This dissertation presents research results regarding mathematical modeling in the context of the analysis of functional neuroimages. Specifically, the research focuses on pattern-based analysis methods that recently have become popular within the neuroimaging community. Such methods attempt to predict or decode experimentally defined cognitive states based on brain scans. The topics covered in the dissertation are divided into two broad parts:
The first part investigates the relative importance of model selection on the brain patterns extracted form analysis models. Typical neuroimaging data sets are
characterized by relatively few data observations in a high dimensional space. The process of building models in such data sets often requires strong regularization. Often, the degree of model regularization is chosen in order to maximize prediction accuracy. We focus on the relative influence of model regularization parameter choices on the model generalization, the reliability of the spatial brain patterns extracted from the analysis model, and the ability of the resulting model to identify relevant brain networks defining the underlying neural encoding of the experiment. We show that known parts of brain networks can be overlooked in pursuing maximization of prediction accuracy.
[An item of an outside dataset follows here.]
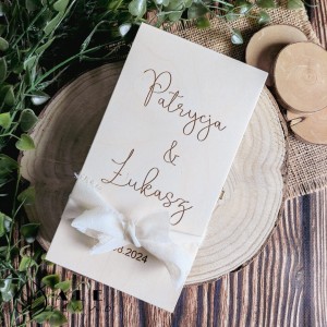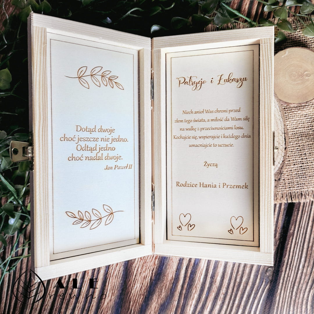 Niech Twój upominek będzie tak wyjątkowy, jak dzień ślubu Twoich bliskich. Wybierając personalizowane drewniane pudełko, stawiasz na polskie rzemiosło i ponadczasowy design. Wpisz imiona Pary Młodej oraz treść życzeń w zamówieniu, a my przygotujemy dla Ciebie produkt, który stanie się jedną z najpiękniejszych pamiątek ich wielkiego dnia!

This supports the view that the quality of spatial patterns extracted from models cannot be assessed purely by focusing on prediction accuracy. Our results instead suggest that model regularization parameters must be carefully selected, so that the model and its visualization enhance our ability to interpret the brain. The second part concerns interpretation of nonlinear models and procedures for
extraction of ‘brain maps’ from nonlinear kernel models. We assess the performance of the sensitivity map as means for extracting a global summary map from a trained model. Such summary maps provides the investigator with an overview of brain locations of importance to the model’s predictions. The sensitivity map proves as a versatile technique for model visualization. Furthermore, we perform a preliminary investigation of the use of pre-image estimation for lo-
calized interpretation of nonlinear models. In the context of image denoising the pre-image analysis proves to enhance the reliability of brain patterns extracted from multivariate models of the neuroimaging data.